TASK TO CARRY OUT: What is needed is a word-for-word copy of the lines below from the one with "Letterpress USA Map" through the one with "每经AI快讯,天眼查工商信息", both included, with every picture left out.

INPUT RECORDS:
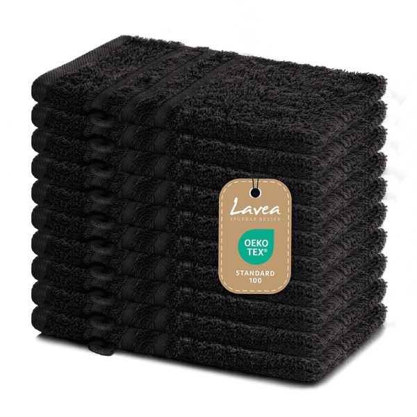 Lavea Set of 10 Elena Terry Series Washcloths, 15 x 21 cm, Black
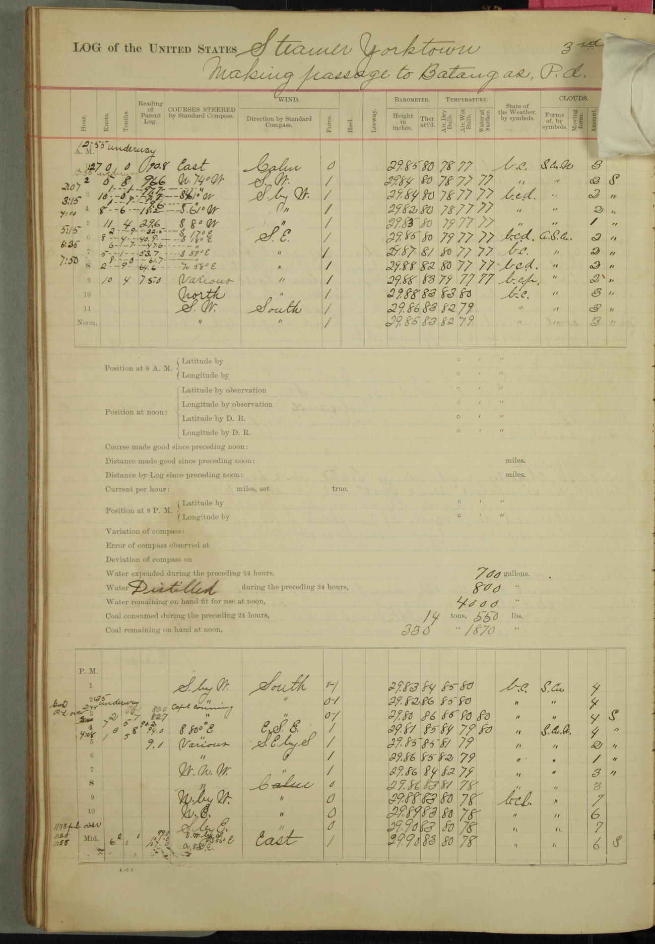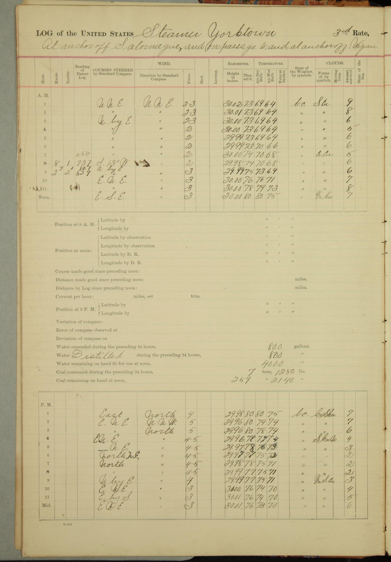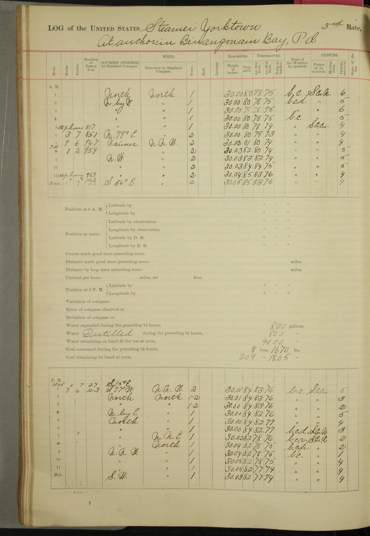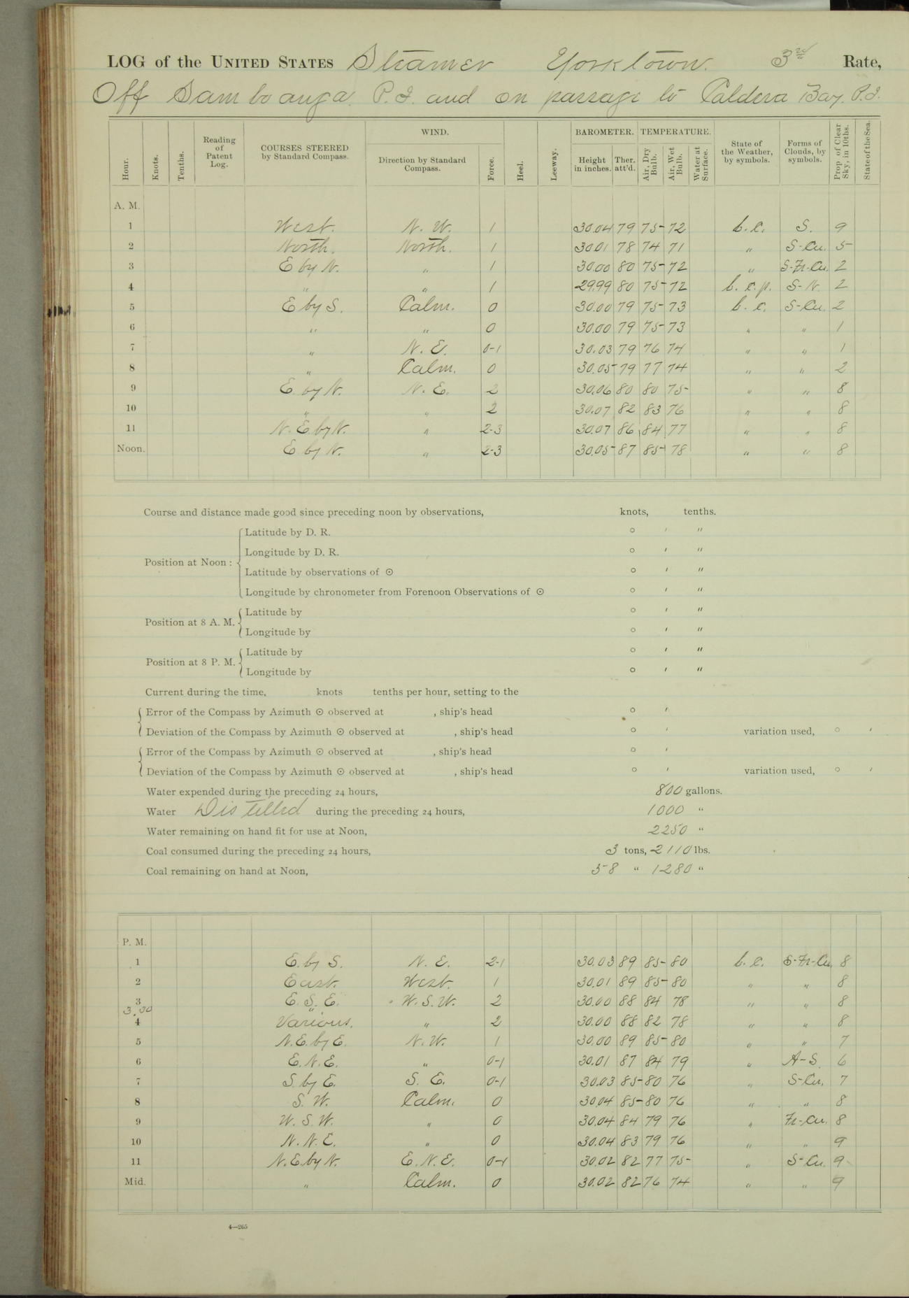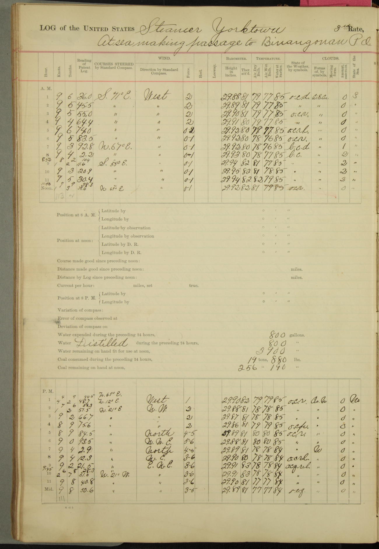 Under [steam from] 3 boilers, course N76°E per standard compass.
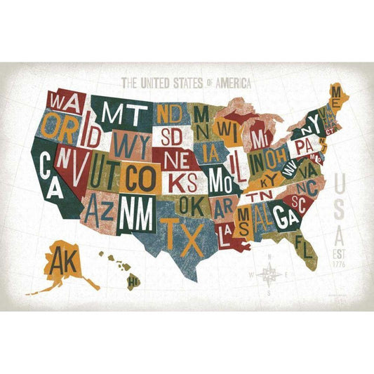 Letterpress USA Map Warm Gold Ornate Wood Framed Art Print with Double Matting by Mullan, Michael
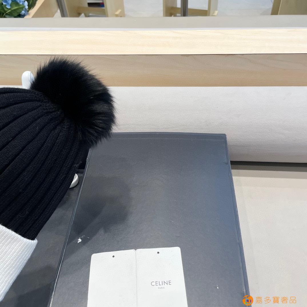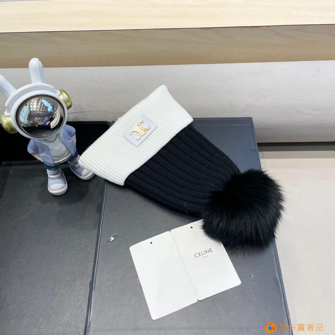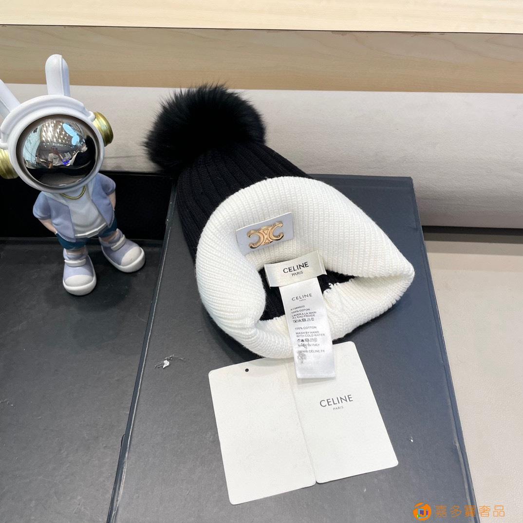 塞琳Celine拼色毛球白色毛线帽女秋冬季帽子时尚百搭保暖针
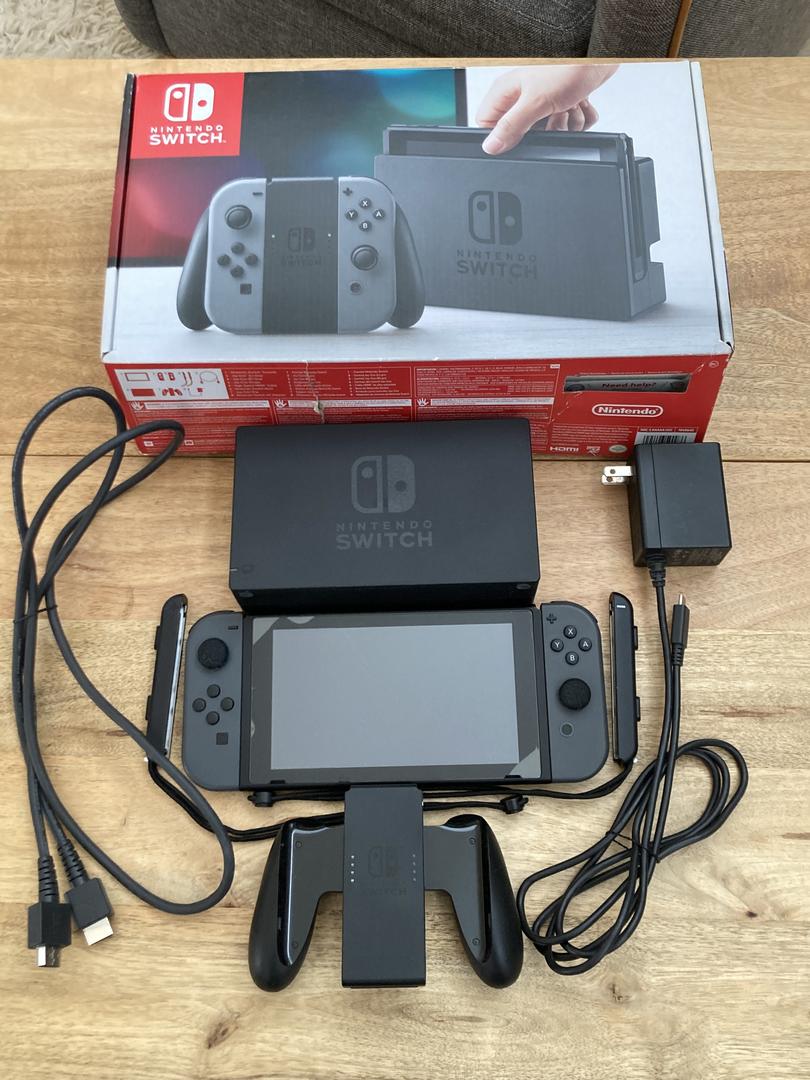 The Switch is in excellent condition with a flawless screen - a screen protector, as seen in the photos, was used during its entire lifetime - and the slightest of wear on the kickstand. Along with the Switch, you will receive everything included in the original box (Joy Cons, Joy-Con Straps, High Speed HDMI Cable, Dock, Joy-Con Grip, AC Adapter).
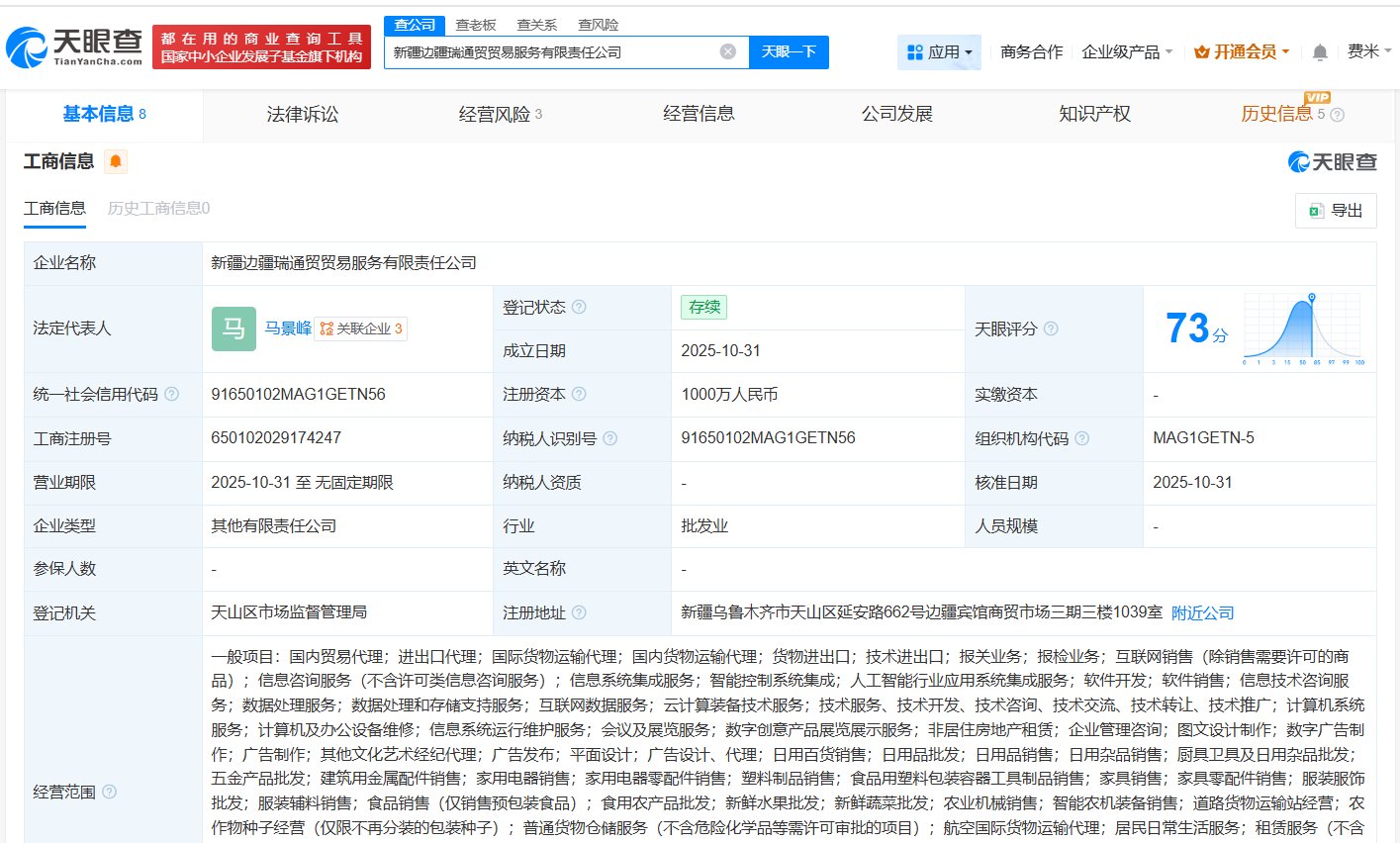 每经AI快讯,天眼查工商信息显示,近日,新疆边疆瑞通贸贸易服务有限责任公司成立,法定代表人为马景峰,注册资本1000万元人民币,经营范围包括国内贸易代理、进出口代理、国际货物运输代理等。股东信息显示,该公司由圆通速递有限公司、新疆边疆宾馆有限责任公司共同持股。
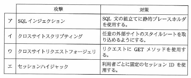 ア | ○ | SQLインジェクション | SQLインジェクション(英: SQL Injection)とは、アプリケーションのセキュリティ上の不備を意図的に利用し、アプリケーションが想定しないSQL文を実行させることにより、データベースシステムを不正に操作する攻撃方法のことである。 静的プレースホルダでは、SQL を準備する段階で SQL 文の構文が確定し、後から SQL 構文が変化することがないため、パラメータの値がリテラルの外にはみ出す現象が起きません。その結果として、SQL インジェクションの脆弱性が生じない。 |

SOLVED PROBLEM:
 Letterpress USA Map Warm Gold Ornate Wood Framed Art Print with Double Matting by Mullan, Michael
 塞琳Celine拼色毛球白色毛线帽女秋冬季帽子时尚百搭保暖针
 The Switch is in excellent condition with a flawless screen - a screen protector, as seen in the photos, was used during its entire lifetime - and the slightest of wear on the kickstand. Along with the Switch, you will receive everything included in the original box (Joy Cons, Joy-Con Straps, High Speed HDMI Cable, Dock, Joy-Con Grip, AC Adapter).
 每经AI快讯,天眼查工商信息显示,近日,新疆边疆瑞通贸贸易服务有限责任公司成立,法定代表人为马景峰,注册资本1000万元人民币,经营范围包括国内贸易代理、进出口代理、国际货物运输代理等。股东信息显示,该公司由圆通速递有限公司、新疆边疆宾馆有限责任公司共同持股。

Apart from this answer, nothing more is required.